- [Problem to solve]:
Retype nothing but the lines from the start of the material up to and including the line with "إعلان للأساتذة المترشحين". Pictures don't belong in the copy.
-------- Records to use --------
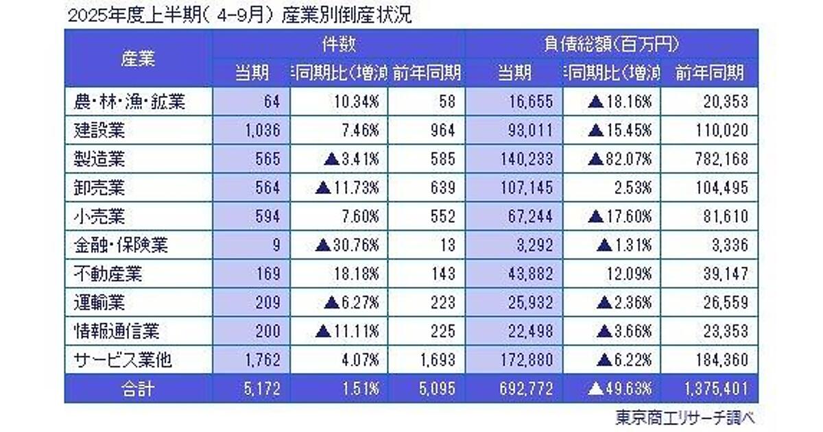 倒産件数は上半期では4年連続で増加し、2013年(5505件)以来の水準になった。負債総額は上半期では3年連続で前年を下回り、4年ぶりに1兆円を割り込んだ。2024年は負債6413億円などの大型倒産が発生したが、2025年度の最大の倒産は脱毛サロンのMPHの260億円。また、負債10億円以上は同13.4%減の103件、5億円以上10億円未満は同12.8%減の122件といずれも減少した。
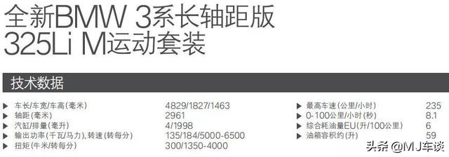 细看配置表,发现了一些有意思的数字。标轴325的油耗比长轴版更高,分别是6.3升/100公里和6.0升/100公里,这是为什么呢?而上一代车型320标轴、长轴油耗都是6.2升/100公里(此处不考虑xDrive版本)。
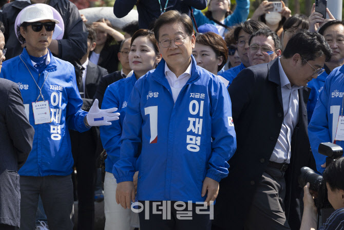 [이데일리 이영훈 기자] 이재명 더불어민주당 대선 후보가 6·3 대통령선거 공식 선거운동 첫날인 12일 오후 경기 화성시 동탄 센트럴파크 음악분수중앙광장에서 열린 'K-반도체' 동탄 집중유세에 참석하고 있다.
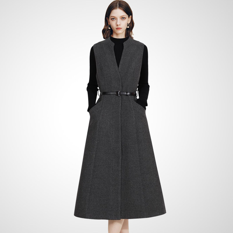 Maven Lin 优雅映现 100%羊毛V领无袖背心裙女气质双面毛呢连衣裙
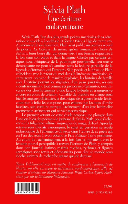 Le premier versant de cette étude propose une plongée dans l'univers bleu des poèmes de jeunesse de Sylvia Plath, l'un des plus grands poètes américain des années 60, pour s'achever sur la fulgurance ultime, imprégnée de rouge, d'Ariel. Le sujet en gestation se révèle indissociable de l'émergence du texte dans l'œuvre de ce poète qui est l'un des seuls à avoir obtenu le Prix Pulitzer à titre posthume. Maints mythes, rythmes et figures archaïques sont revues et déconstruits pour dire ce monde sous cloche, univers de recherche autant que de détresse.
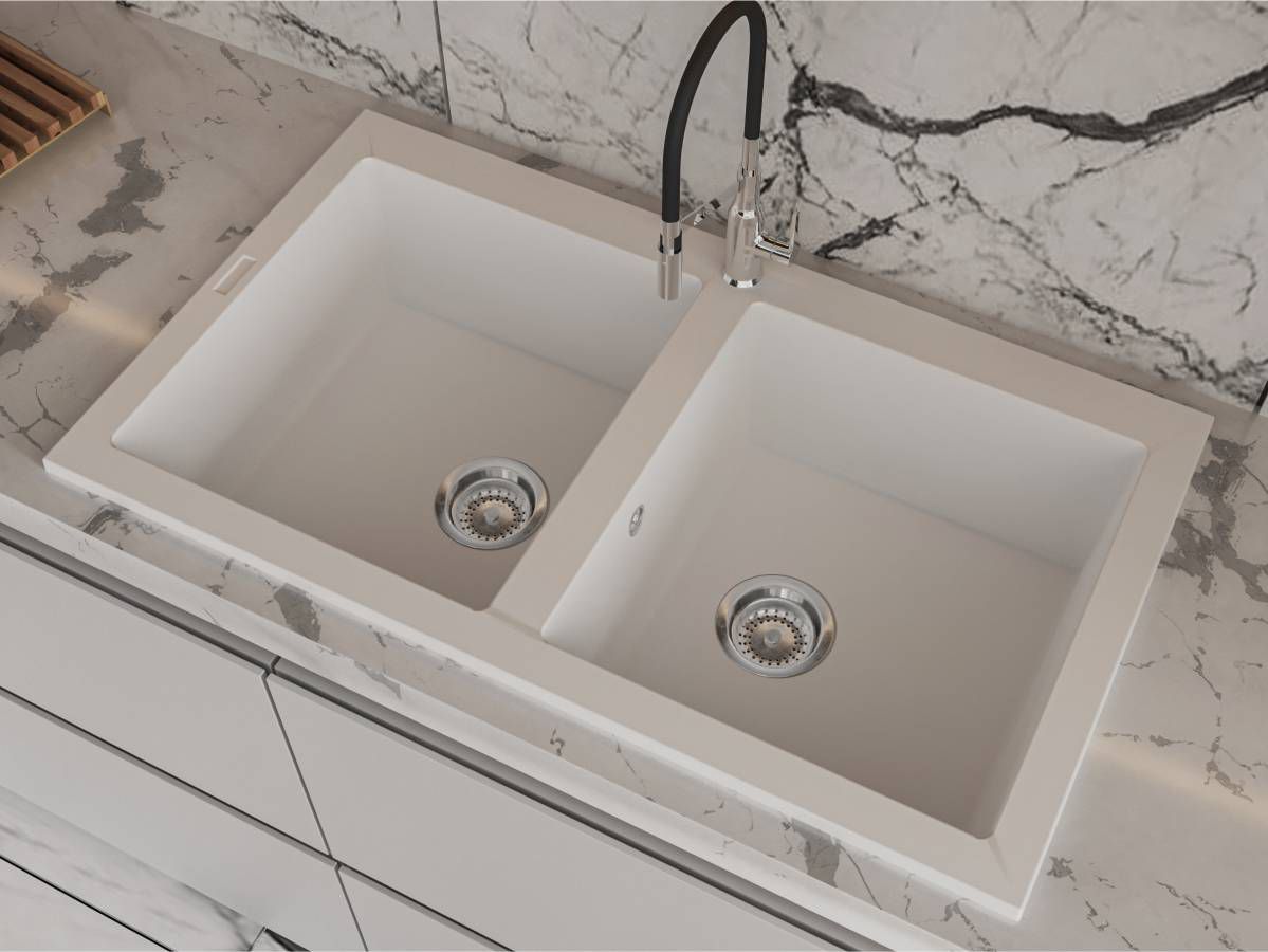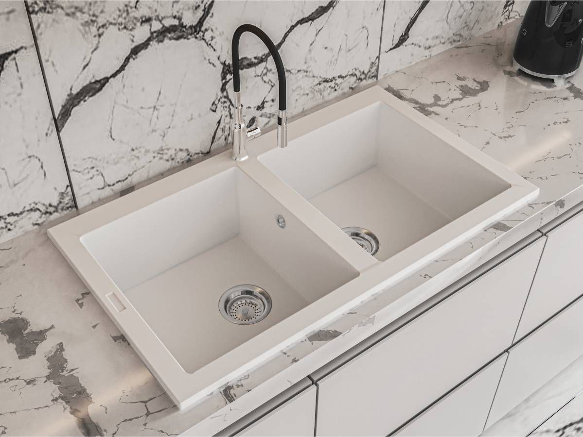 Кухонна мийка WESTEROS біла на 80% складається з кварцового піску та на 20% з поліефірної смоли, яка забезпечує міцність цього виробу. Кухонна мийка витримує перепади температур від -70 до +70 °C та не піддається впливу агресивних побутових барвників.
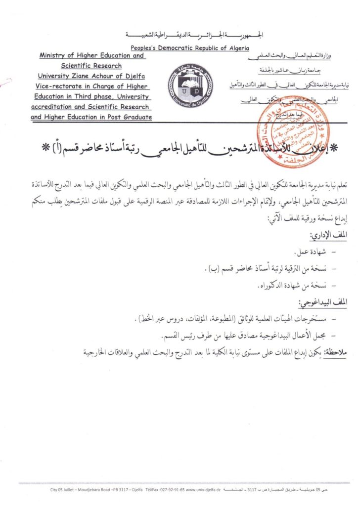 إعلان للأساتذة المترشحين للتأهيل الجامعي رتبة أستاذ محاضر قسم ” أ”
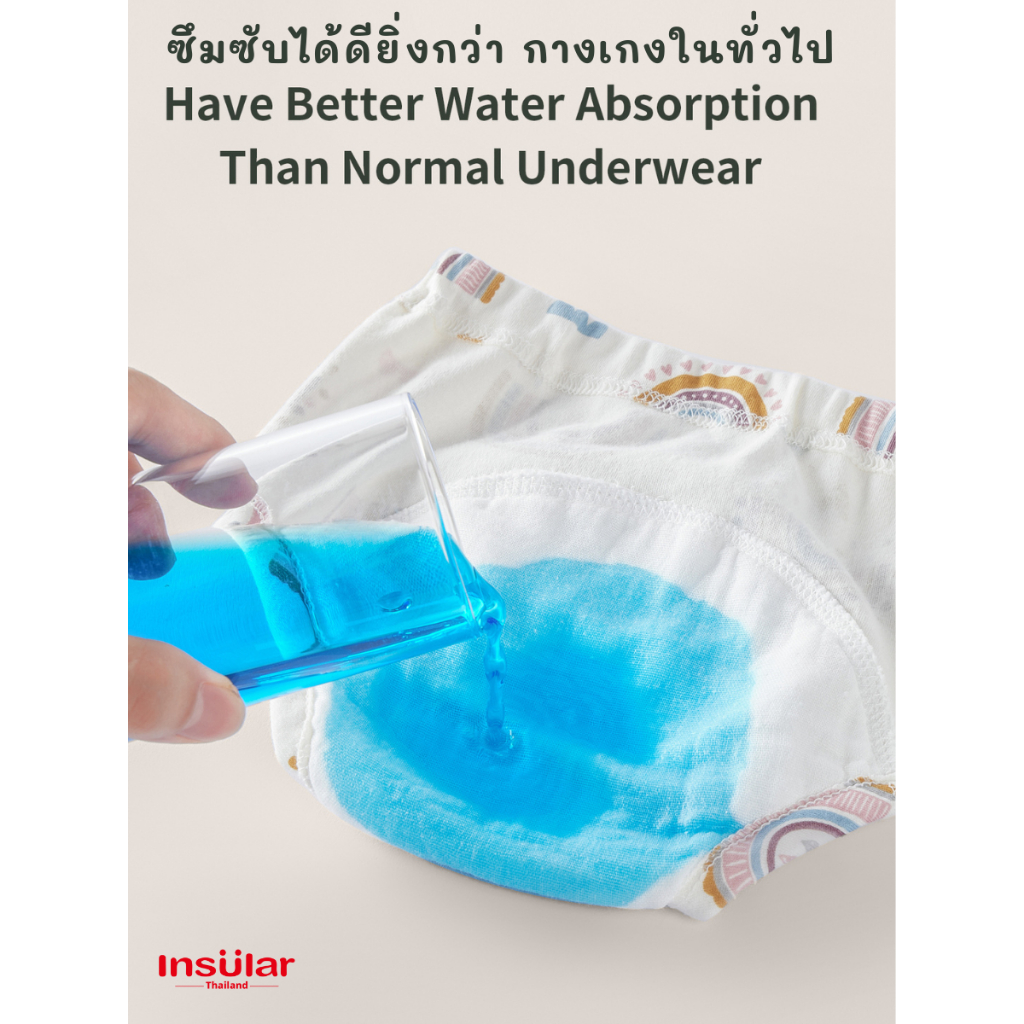 [แพ็ค 3 ชิ้น] อินซูลาร์ กางเกงซับฉี่ สำหรับฝึกเลิกเพิส เด็ก กันน้ำ ซึมซับดีเยี่ยม 6 ชั้น ระบายอากาศดี ไม่รั่วซึม BU
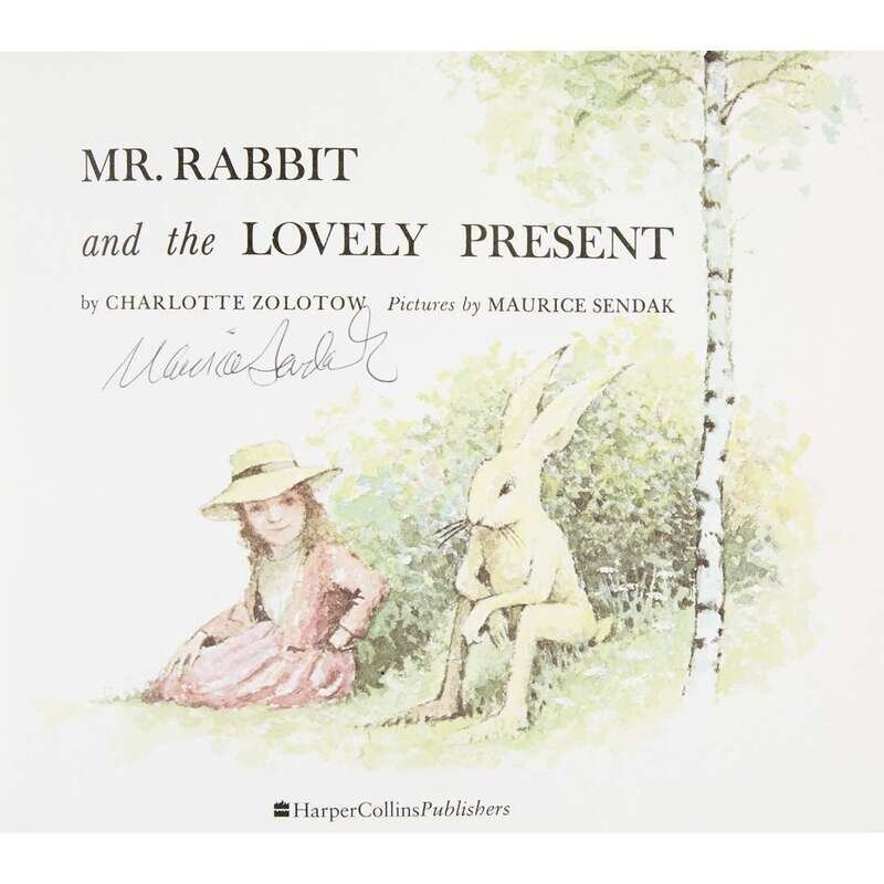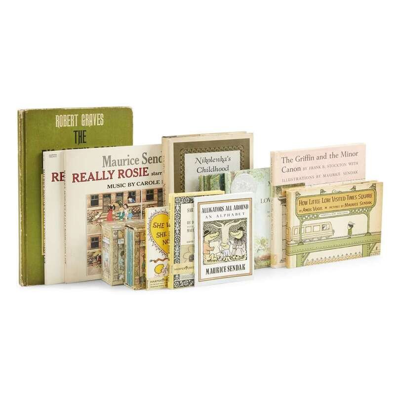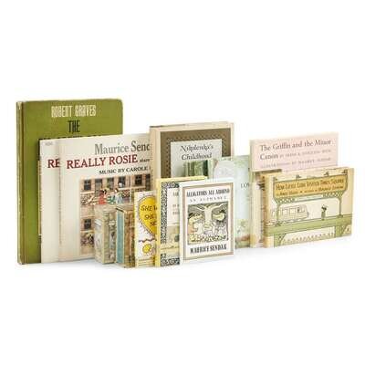 Including: 1. Graves, Robert. The Big Green Book [New York]: Crowell-Collier Press, (1962). First edition. 4to. Publisher's green pictorial boards, with some wear to extremities; lacking dust-jacket. Hanrahan A50 2. Sendak, Maurice. The Nutshell Library: Alligators All Around, Chicken Soup with Rice, One Was Johnny, Pierre New York: Harper & Row, (1962). Four volumes in slipcase. First edition. 24mo. Publisher's cloth, in original dust-jackets and pictorial slipcase, with some wear to extremities. Including a later edition of same in slipcase and original shrink wrap, and a later edition of Alligators All Around in glossy pictorial wrappers. Hanrahan A51 3. Zolotow, Charlotte. Mr. Rabbit and the Lovely Present New York: Harper & Row, 1962. First edition. Oblong 8vo. Publisher's pictorial wrappers, lightly worn to spine; lacking original dust-jacket. Hanrahan A52 4. Zolotow, Charlotte. Mr. Rabbit and the Lovely Present New York: HarperCollins, (1977). Reprint. Oblong 8vo. Signed by Sendak to title page. Publisher's pictorial boards; in original dust-jacket with Caldecott Honor medal to front panel. Hanrahan A52 5. Keeshan, Robert. She Loves Me... She Loves Me Not... New York: Harper & Row, (1963). First library edition with $2.19 price intact at bottom of front flap. 24mo. Publisher's pictorial boards; in the original dust jacket with Harper Crest sticker to spine. Hanrahan A53 6. Orgel, Doris. Sarah's Room. New York: Harper & Row, (1963). Early edition. 12mo. Publisher's pictorial boards, front free endpaper with rubberstamp reading "Donated by Xerox"; in matching pictorial dust jacket with Harper Crest sticker to spine, lightly worn. Hanrahan A54 7. Stockton, Frank R. The Griffin and the Minor Canon. New York: Holt, Rinehart and Winston, (1963). First library edition with $3.27 price intact at bottom of front flap. Square 8vo. Publisher's boards; in original dust jacket with Holt Library Edition sticker to spine and closed tear to top edge; ex-library copy with the usual marks. Hanrahan A55. 8. Tolstoy, Leo. Nikolenka's Childhood. New York: Random House (1963). First edition. 8vo. Publisher's cloth; in the original dust jacket with $3.95 price intact. Hanrahan A56 9. Vogel, Amos. How Little Lori Visited Times Square. New York: Harper & Row, (1963). Stated first edition, dust jacket matching all first edition points except price, which is clipped. Oblong 8vo. Publisher's pictorial boards; in original dust jacket. Hanrahan A57. 10. Sendak, Maurice. Really Rosie, Starring the Nutshell Kids. New York: Harper & Row, (1975). First edition. Oblong 4to. Publisher's pictorial wrappers. Also with a Harper Trophy Edition.
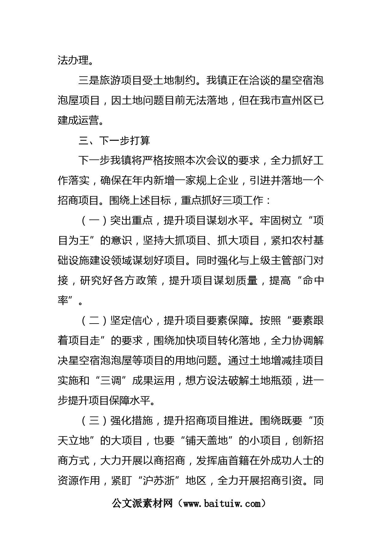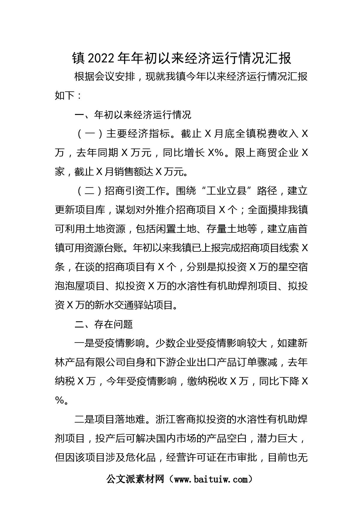 鎮(zhèn)2022年年初以來經(jīng)濟(jì)運(yùn)行情況匯報(bào)根據(jù)會(huì)議安排,現(xiàn)就我鎮(zhèn)今年以來經(jīng)濟(jì)運(yùn)行情況匯報(bào)如下:一、年初以來經(jīng)濟(jì)運(yùn)行情況(一)主要經(jīng)濟(jì)指標(biāo)。截止X月底全鎮(zhèn)稅費(fèi)收入X萬,去年同期X萬元,同比增長X%。限上商貿(mào)企業(yè)X家,截止X月銷售額達(dá)X萬元。(二)招商引資工作。圍繞“工業(yè)立縣”路徑,建立更新項(xiàng)目庫,謀劃對(duì)外推介招商項(xiàng)目X個(gè);全面摸排我鎮(zhèn)可利用土地資源,包括閑置土地、存量土地等,建立廟首鎮(zhèn)可用資源臺(tái)賬。年初以來我鎮(zhèn)已上報(bào)完成招商項(xiàng)目線索X條,在談的招商項(xiàng)目有X個(gè),分別是擬投資X萬的星空宿泡泡屋項(xiàng)目、擬投資X萬的水溶性有機(jī)助焊劑項(xiàng)目、擬投資X萬的新水交通驛...
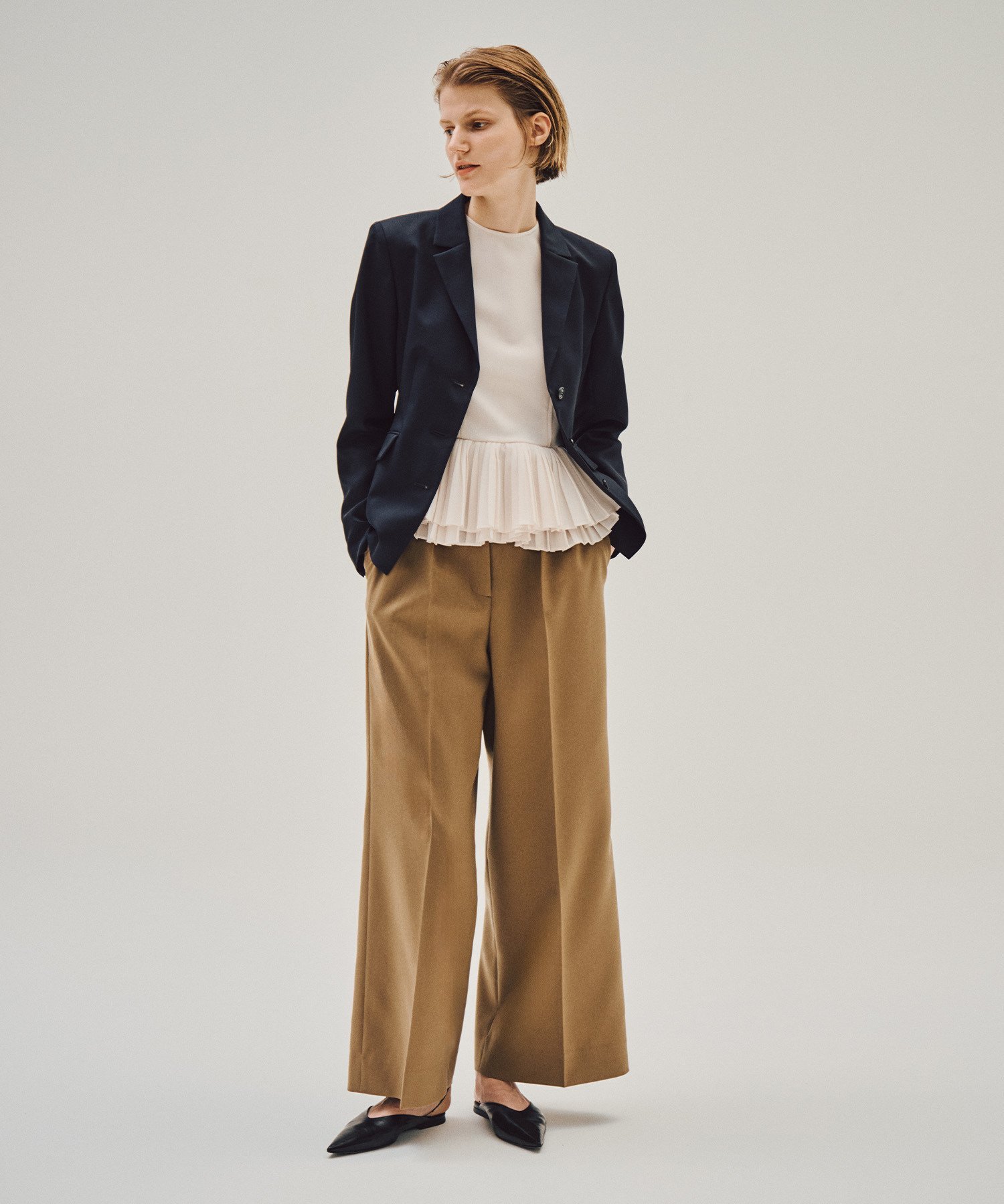 THE COLUMN: Элитная линия одежды COLUMN «THE COLUMN» предлагает интеллектуальный и элегантный образ для любого случая. Хотя в основе лежит базовый стиль, эти вещи подчеркивают очарование женщин, живущих в наше время. Этот приталенный жакет изготовлен из гибридного материала, сочетающего сухую текстуру триацетата с плотностью и жесткостью шерсти, что делает его подходящим для всех сезонов. Его гладкость и легкий блеск создают элегантное впечатление. Хотя дизайн может показаться простым на первый взгляд, баска на талии сзади усиливает объемность и женственность, создавая красивый силуэт даже сзади. Эта универсальная вещь идеально подходит для самых разных случаев, от офиса до особых мероприятий. COLUMN: Подобно колоннам, поддерживающим красивое здание, COLUMN — это бренд, ориентированный на современных женщин, с прочной основой и гибкими, изящными изгибами по краям.
--------
- [Solution to this problem]:
 倒産件数は上半期では4年連続で増加し、2013年(5505件)以来の水準になった。負債総額は上半期では3年連続で前年を下回り、4年ぶりに1兆円を割り込んだ。2024年は負債6413億円などの大型倒産が発生したが、2025年度の最大の倒産は脱毛サロンのMPHの260億円。また、負債10億円以上は同13.4%減の103件、5億円以上10億円未満は同12.8%減の122件といずれも減少した。
 细看配置表,发现了一些有意思的数字。标轴325的油耗比长轴版更高,分别是6.3升/100公里和6.0升/100公里,这是为什么呢?而上一代车型320标轴、长轴油耗都是6.2升/100公里(此处不考虑xDrive版本)。
 [이데일리 이영훈 기자] 이재명 더불어민주당 대선 후보가 6·3 대통령선거 공식 선거운동 첫날인 12일 오후 경기 화성시 동탄 센트럴파크 음악분수중앙광장에서 열린 'K-반도체' 동탄 집중유세에 참석하고 있다.
 Maven Lin 优雅映现 100%羊毛V领无袖背心裙女气质双面毛呢连衣裙
 Le premier versant de cette étude propose une plongée dans l'univers bleu des poèmes de jeunesse de Sylvia Plath, l'un des plus grands poètes américain des années 60, pour s'achever sur la fulgurance ultime, imprégnée de rouge, d'Ariel. Le sujet en gestation se révèle indissociable de l'émergence du texte dans l'œuvre de ce poète qui est l'un des seuls à avoir obtenu le Prix Pulitzer à titre posthume. Maints mythes, rythmes et figures archaïques sont revues et déconstruits pour dire ce monde sous cloche, univers de recherche autant que de détresse.
 Кухонна мийка WESTEROS біла на 80% складається з кварцового піску та на 20% з поліефірної смоли, яка забезпечує міцність цього виробу. Кухонна мийка витримує перепади температур від -70 до +70 °C та не піддається впливу агресивних побутових барвників.
 إعلان للأساتذة المترشحين للتأهيل الجامعي رتبة أستاذ محاضر قسم ” أ”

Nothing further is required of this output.